------ Extracted information ------

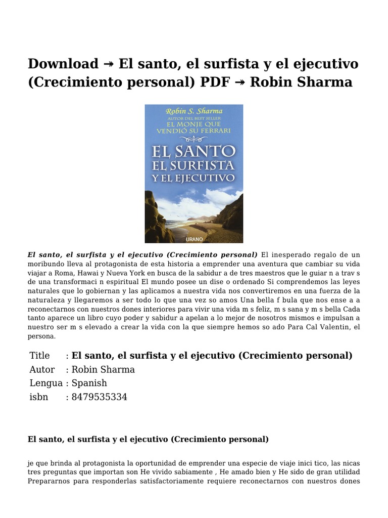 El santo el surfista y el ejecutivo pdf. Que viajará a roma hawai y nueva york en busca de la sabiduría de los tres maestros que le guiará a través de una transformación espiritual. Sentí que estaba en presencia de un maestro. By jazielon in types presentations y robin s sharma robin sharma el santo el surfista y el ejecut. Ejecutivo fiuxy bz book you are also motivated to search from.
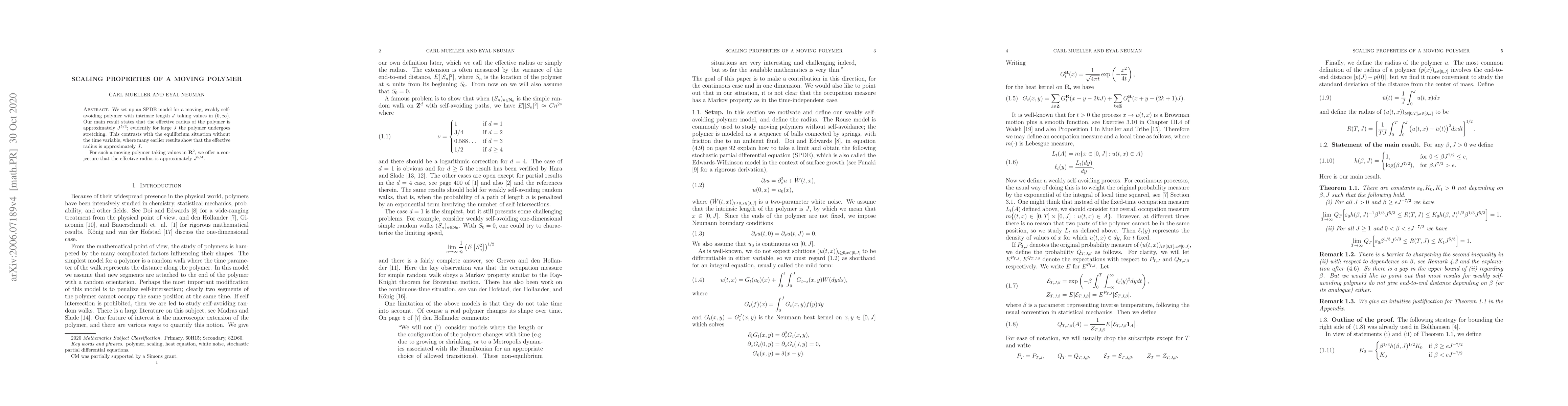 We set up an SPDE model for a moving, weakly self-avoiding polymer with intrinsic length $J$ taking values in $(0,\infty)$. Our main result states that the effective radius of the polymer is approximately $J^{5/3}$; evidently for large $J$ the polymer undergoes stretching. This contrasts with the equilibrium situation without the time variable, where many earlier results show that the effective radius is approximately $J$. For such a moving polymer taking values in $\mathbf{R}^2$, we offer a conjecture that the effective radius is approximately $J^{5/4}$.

------
------ Extracted information ------

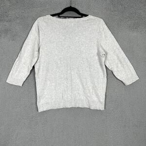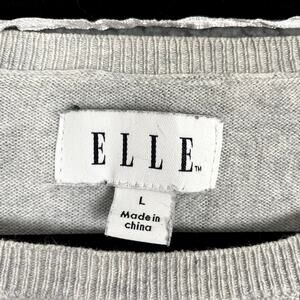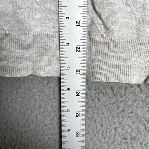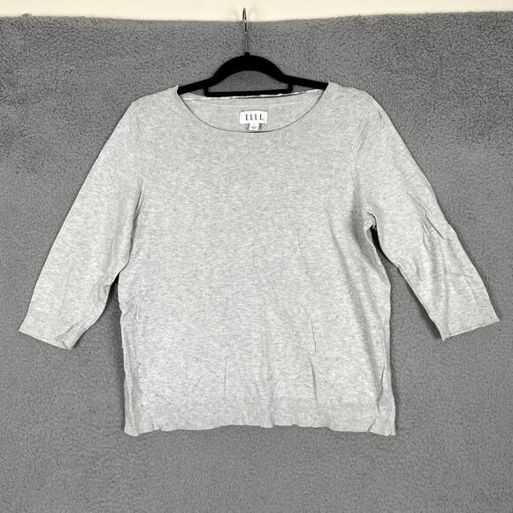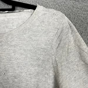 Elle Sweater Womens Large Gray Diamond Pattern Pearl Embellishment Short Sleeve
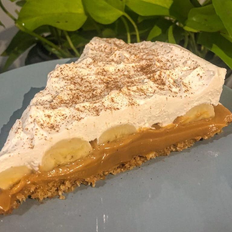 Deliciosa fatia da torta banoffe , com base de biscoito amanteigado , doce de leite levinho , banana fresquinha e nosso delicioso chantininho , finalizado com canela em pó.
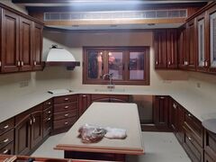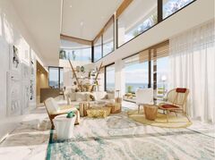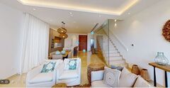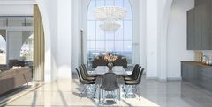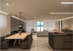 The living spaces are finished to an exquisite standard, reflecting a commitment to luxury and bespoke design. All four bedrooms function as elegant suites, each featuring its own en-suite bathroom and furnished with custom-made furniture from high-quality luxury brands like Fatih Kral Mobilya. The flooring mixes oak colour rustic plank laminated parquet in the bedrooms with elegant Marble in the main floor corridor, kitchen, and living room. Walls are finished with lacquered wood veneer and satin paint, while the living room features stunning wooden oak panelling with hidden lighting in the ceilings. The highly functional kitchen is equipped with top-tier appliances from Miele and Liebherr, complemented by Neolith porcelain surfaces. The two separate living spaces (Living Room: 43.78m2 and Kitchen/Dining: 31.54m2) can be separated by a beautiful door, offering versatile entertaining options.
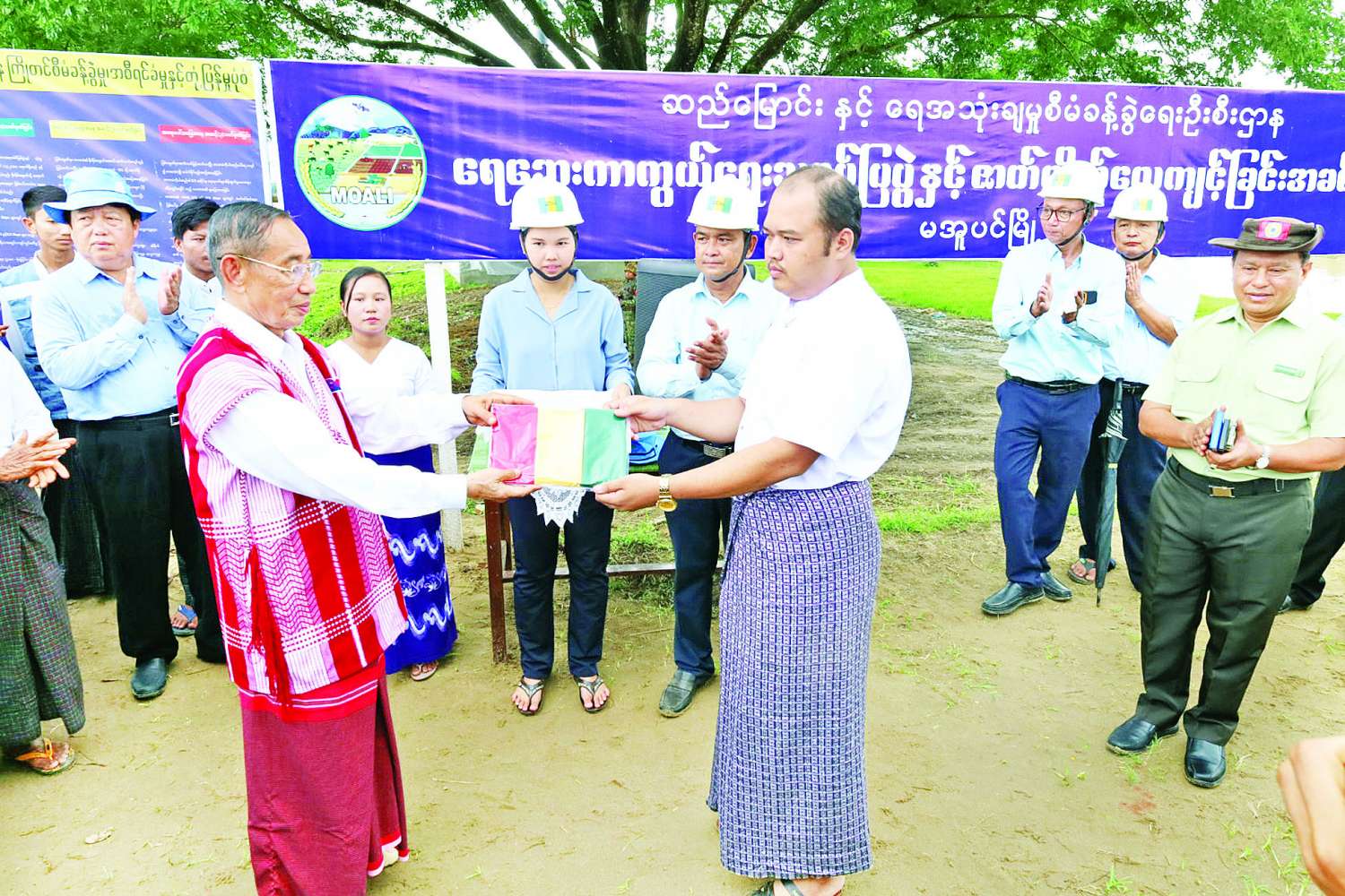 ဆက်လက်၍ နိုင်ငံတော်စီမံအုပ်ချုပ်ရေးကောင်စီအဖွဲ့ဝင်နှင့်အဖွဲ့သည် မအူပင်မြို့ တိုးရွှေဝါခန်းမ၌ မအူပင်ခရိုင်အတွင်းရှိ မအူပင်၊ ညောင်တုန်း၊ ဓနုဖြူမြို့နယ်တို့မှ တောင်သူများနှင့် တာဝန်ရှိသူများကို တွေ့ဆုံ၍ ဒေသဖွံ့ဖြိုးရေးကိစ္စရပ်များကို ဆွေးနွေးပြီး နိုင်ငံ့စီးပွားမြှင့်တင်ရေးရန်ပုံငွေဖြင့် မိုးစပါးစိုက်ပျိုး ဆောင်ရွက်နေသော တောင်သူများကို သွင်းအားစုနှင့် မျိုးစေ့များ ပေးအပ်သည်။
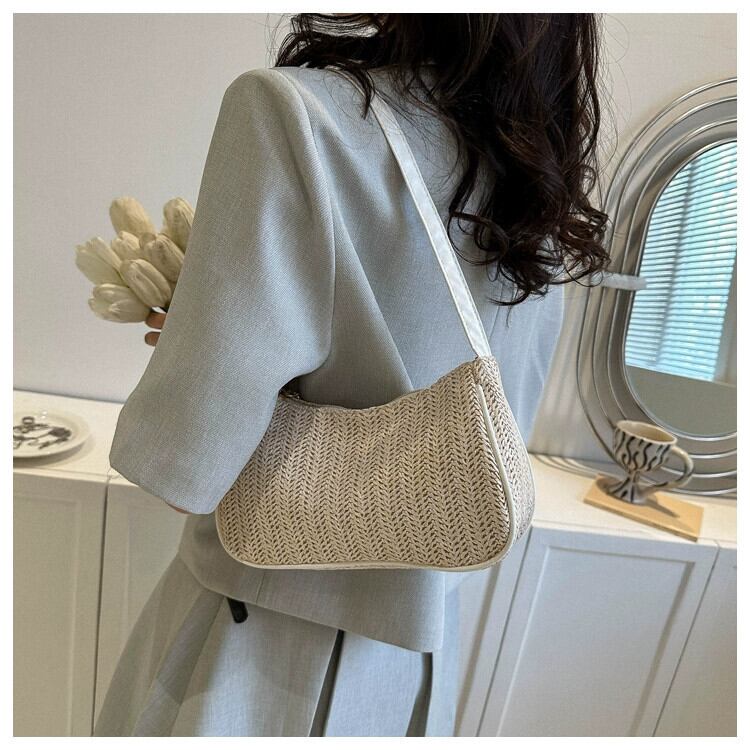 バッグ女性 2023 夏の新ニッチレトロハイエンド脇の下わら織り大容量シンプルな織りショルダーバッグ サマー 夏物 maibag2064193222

------

• Task details: Using the data above, transcribe exactly the lines between those containing "Deliciosa fatia da" and "バッグ女性 2023 夏の新ニッチレトロハイエンド脇の下わら織り大容量シンプルな織りショルダーバッグ", inclusive, and leave every picture behind.

• Response:
 Deliciosa fatia da torta banoffe , com base de biscoito amanteigado , doce de leite levinho , banana fresquinha e nosso delicioso chantininho , finalizado com canela em pó.
 The living spaces are finished to an exquisite standard, reflecting a commitment to luxury and bespoke design. All four bedrooms function as elegant suites, each featuring its own en-suite bathroom and furnished with custom-made furniture from high-quality luxury brands like Fatih Kral Mobilya. The flooring mixes oak colour rustic plank laminated parquet in the bedrooms with elegant Marble in the main floor corridor, kitchen, and living room. Walls are finished with lacquered wood veneer and satin paint, while the living room features stunning wooden oak panelling with hidden lighting in the ceilings. The highly functional kitchen is equipped with top-tier appliances from Miele and Liebherr, complemented by Neolith porcelain surfaces. The two separate living spaces (Living Room: 43.78m2 and Kitchen/Dining: 31.54m2) can be separated by a beautiful door, offering versatile entertaining options.
 ဆက်လက်၍ နိုင်ငံတော်စီမံအုပ်ချုပ်ရေးကောင်စီအဖွဲ့ဝင်နှင့်အဖွဲ့သည် မအူပင်မြို့ တိုးရွှေဝါခန်းမ၌ မအူပင်ခရိုင်အတွင်းရှိ မအူပင်၊ ညောင်တုန်း၊ ဓနုဖြူမြို့နယ်တို့မှ တောင်သူများနှင့် တာဝန်ရှိသူများကို တွေ့ဆုံ၍ ဒေသဖွံ့ဖြိုးရေးကိစ္စရပ်များကို ဆွေးနွေးပြီး နိုင်ငံ့စီးပွားမြှင့်တင်ရေးရန်ပုံငွေဖြင့် မိုးစပါးစိုက်ပျိုး ဆောင်ရွက်နေသော တောင်သူများကို သွင်းအားစုနှင့် မျိုးစေ့များ ပေးအပ်သည်။
 バッグ女性 2023 夏の新ニッチレトロハイエンド脇の下わら織り大容量シンプルな織りショルダーバッグ サマー 夏物 maibag2064193222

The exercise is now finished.